> _TASK DIRECTIONS_: All entries below are to be reproduced precisely as they stand, without the pictures.

═════ DATA PROVIDED ═════

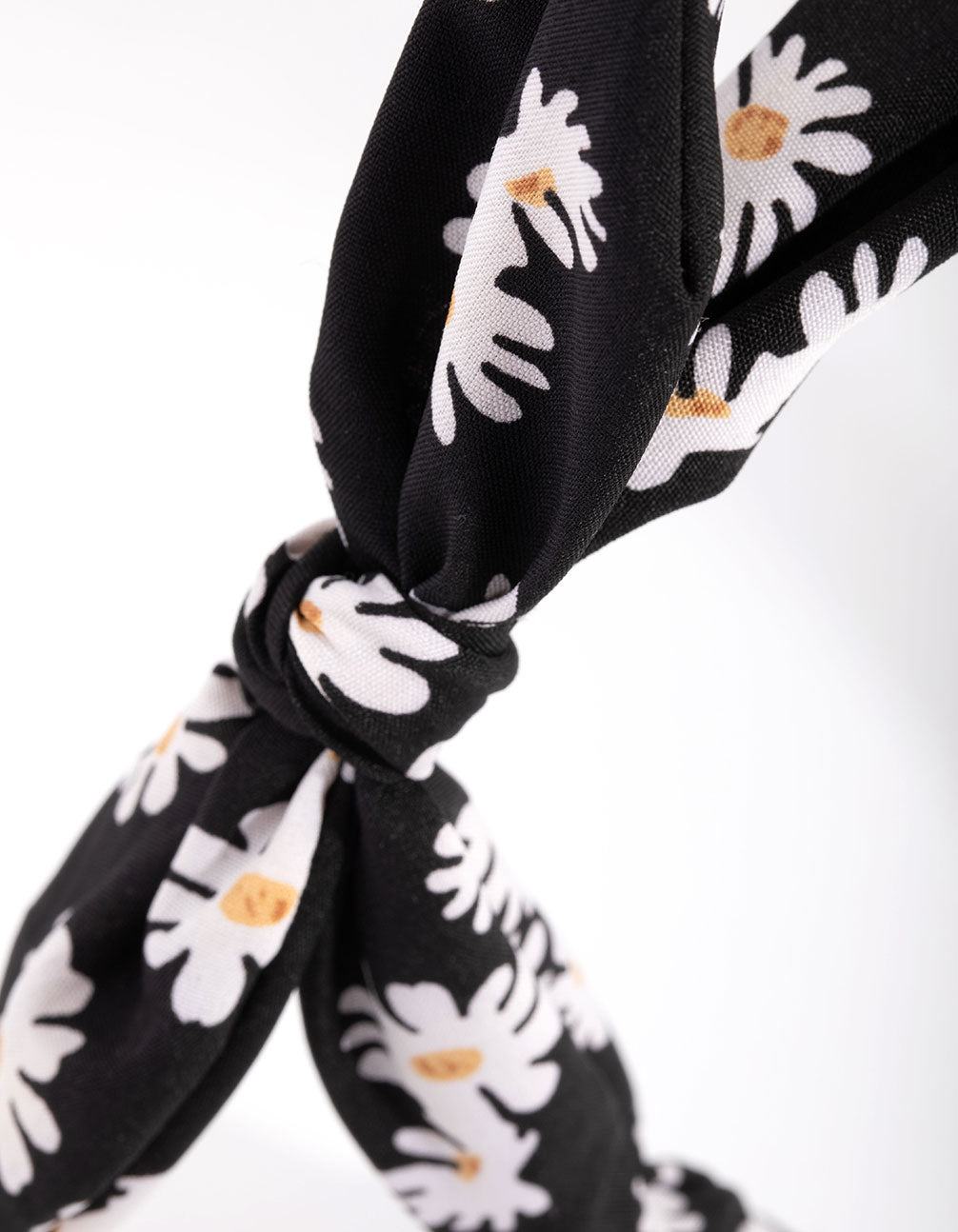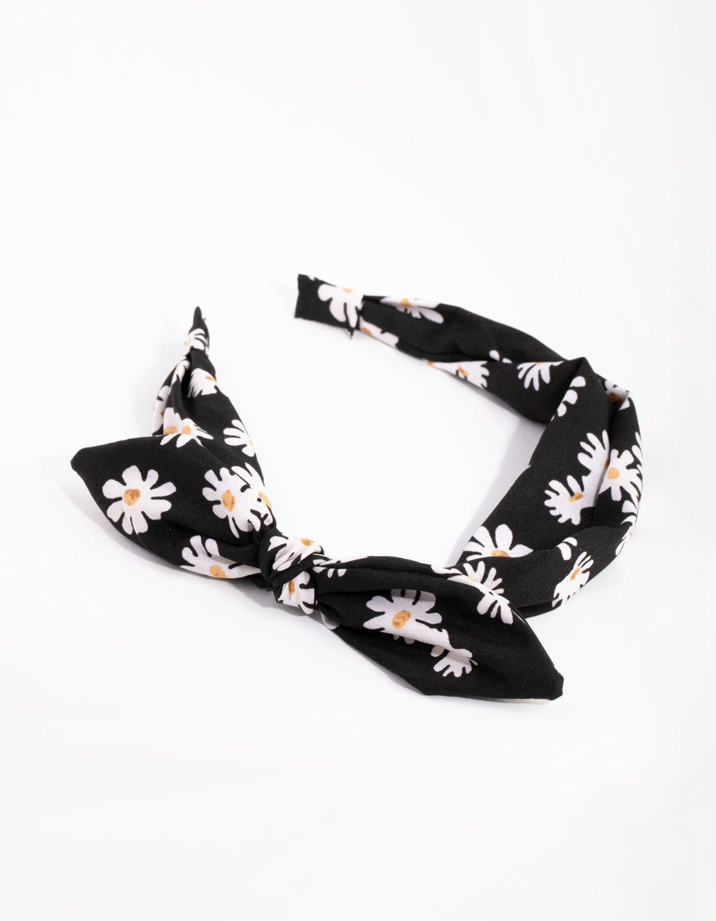 Headbands are back! This piece boasts a chic daisy print on black fabric, adorned with a pretty bow. Perfect for adding a finishing touch to your daytime ensemble.
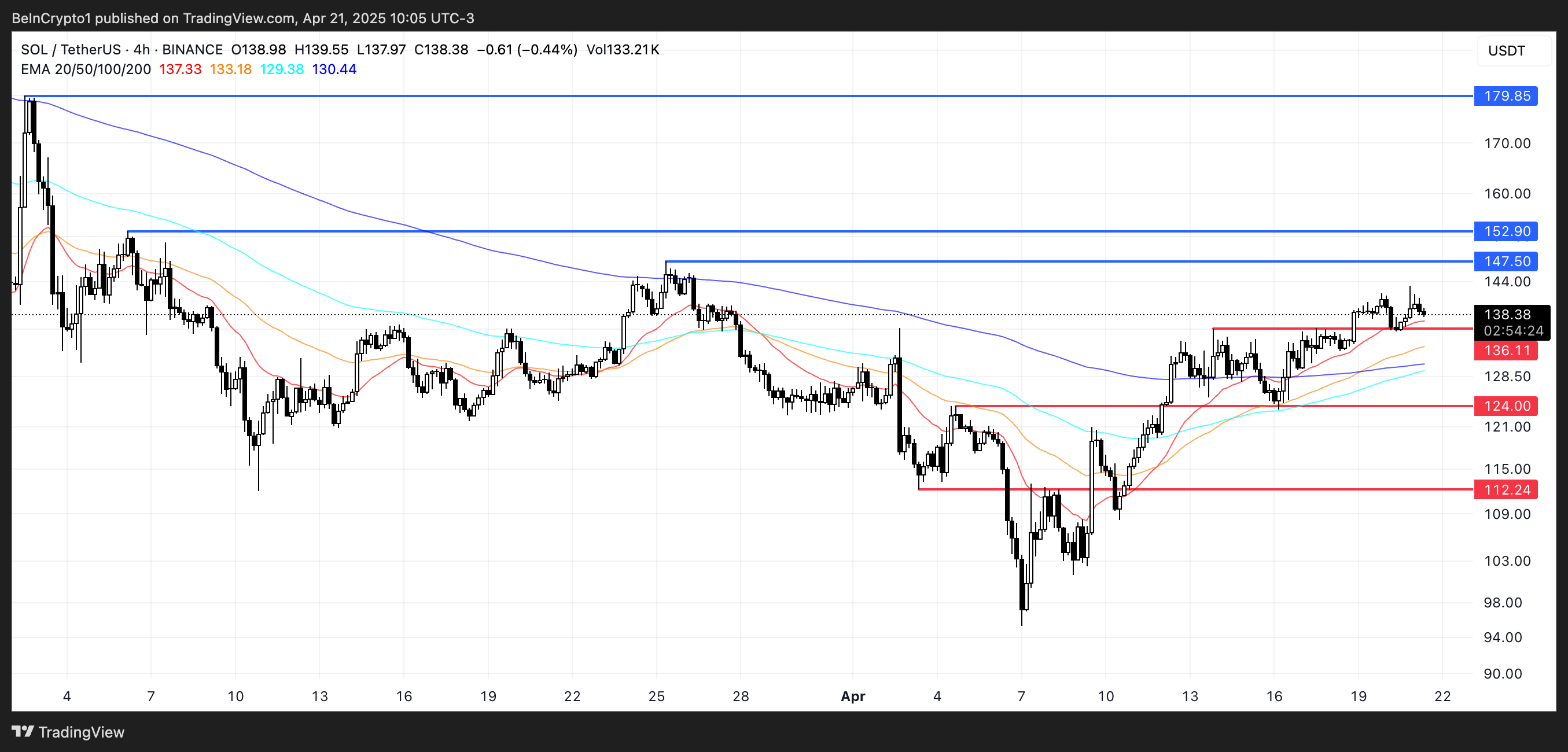 If this momentum continues, SOL price could aim for the next resistance zones at $147 and $152—levels that, if breached, open the door to a potential move toward $179.
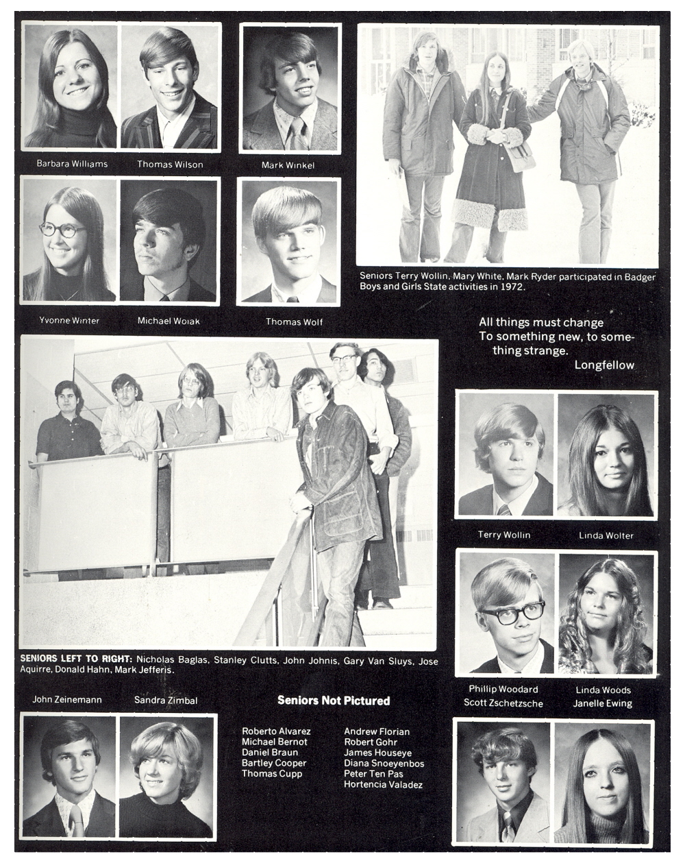 High School, Page 55: Barbara Williams, Thomas Wilson, Mark Winkel, Yvonne Winter, Michael Woiak, Thomas Wolf, Terry Wollin, Linda Wolter, Philip Woodard, Linda Woods, John Zeinemann, Sandra Zimbal, Scott Zschetzsche, Janelle Ewing, Roberto Alvarez, Michael Burnot, Daniel Braun, Bartley Cooper, Thomas Cupp, Andrew Florian, Robert Gohr, James Houseye, Diana Snoeyenbos, Peter Ten Pas, Hortencia Valadez.
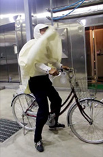 70代女性 自転車の運転にはあまり自信がありませんので、ポンチョをかぶっての実験は大変心配していましたが、 難なく乗れました。かぶる前と後でなんの差も感じませんでした。
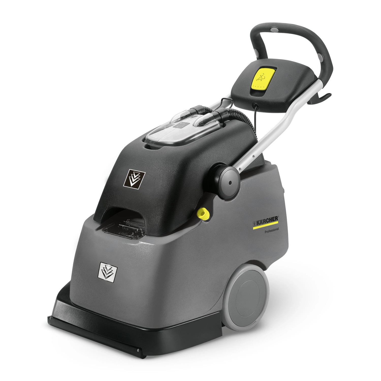 Karcher BRC 45/45 C wykorzystuje innowacyjne rozwiązania technologiczne, które zapewniają wysoką jakość czyszczenia. Dwie przeciwbieżnie obracające się szczotki walcowe skutecznie rozprowadzają środek czyszczący, co pozwala na głębokie wnikanie w runo wykładziny. Ta metoda nie tylko usuwa zanieczyszczenia, ale także nadaje wykładzinom świeży wygląd. Dzięki wahliwemu zawieszeniu, szczotki mają nieprzerwany kontakt z powierzchnią, co jest szczególnie ważne w przypadku nierównych podłóg. Operator może swobodnie poruszać się zarówno do przodu, jak i do tyłu, co znacznie ułatwia pracę.
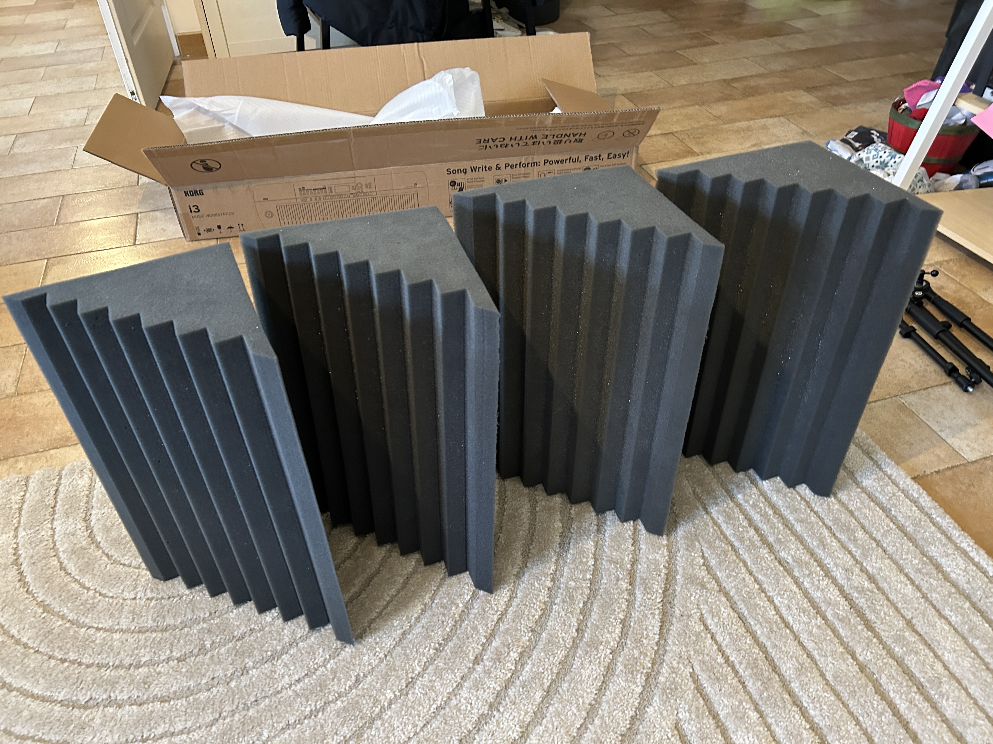 Un lot de mousse acoustique diverse, légèrement usagé, dont je n'ai plus besoin. Valeur initiale estimée à ≈150-200 €
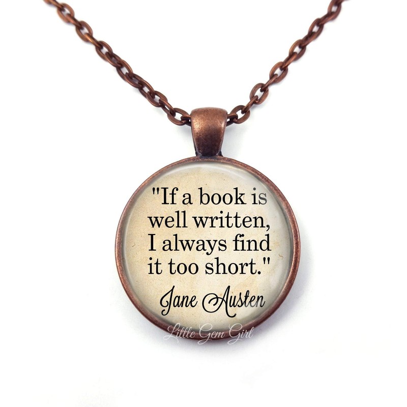 If a book is well written, I always find it too short Jane Austen Quote Necklace Pendant or Key Chain Charm - Book Lover Classic Novel Gifts

═════

> _TASK ANSWER_:
 Headbands are back! This piece boasts a chic daisy print on black fabric, adorned with a pretty bow. Perfect for adding a finishing touch to your daytime ensemble.
 If this momentum continues, SOL price could aim for the next resistance zones at $147 and $152—levels that, if breached, open the door to a potential move toward $179.
 High School, Page 55: Barbara Williams, Thomas Wilson, Mark Winkel, Yvonne Winter, Michael Woiak, Thomas Wolf, Terry Wollin, Linda Wolter, Philip Woodard, Linda Woods, John Zeinemann, Sandra Zimbal, Scott Zschetzsche, Janelle Ewing, Roberto Alvarez, Michael Burnot, Daniel Braun, Bartley Cooper, Thomas Cupp, Andrew Florian, Robert Gohr, James Houseye, Diana Snoeyenbos, Peter Ten Pas, Hortencia Valadez.
 70代女性 自転車の運転にはあまり自信がありませんので、ポンチョをかぶっての実験は大変心配していましたが、 難なく乗れました。かぶる前と後でなんの差も感じませんでした。
 Karcher BRC 45/45 C wykorzystuje innowacyjne rozwiązania technologiczne, które zapewniają wysoką jakość czyszczenia. Dwie przeciwbieżnie obracające się szczotki walcowe skutecznie rozprowadzają środek czyszczący, co pozwala na głębokie wnikanie w runo wykładziny. Ta metoda nie tylko usuwa zanieczyszczenia, ale także nadaje wykładzinom świeży wygląd. Dzięki wahliwemu zawieszeniu, szczotki mają nieprzerwany kontakt z powierzchnią, co jest szczególnie ważne w przypadku nierównych podłóg. Operator może swobodnie poruszać się zarówno do przodu, jak i do tyłu, co znacznie ułatwia pracę.
 Un lot de mousse acoustique diverse, légèrement usagé, dont je n'ai plus besoin. Valeur initiale estimée à ≈150-200 €
 If a book is well written, I always find it too short Jane Austen Quote Necklace Pendant or Key Chain Charm - Book Lover Classic Novel Gifts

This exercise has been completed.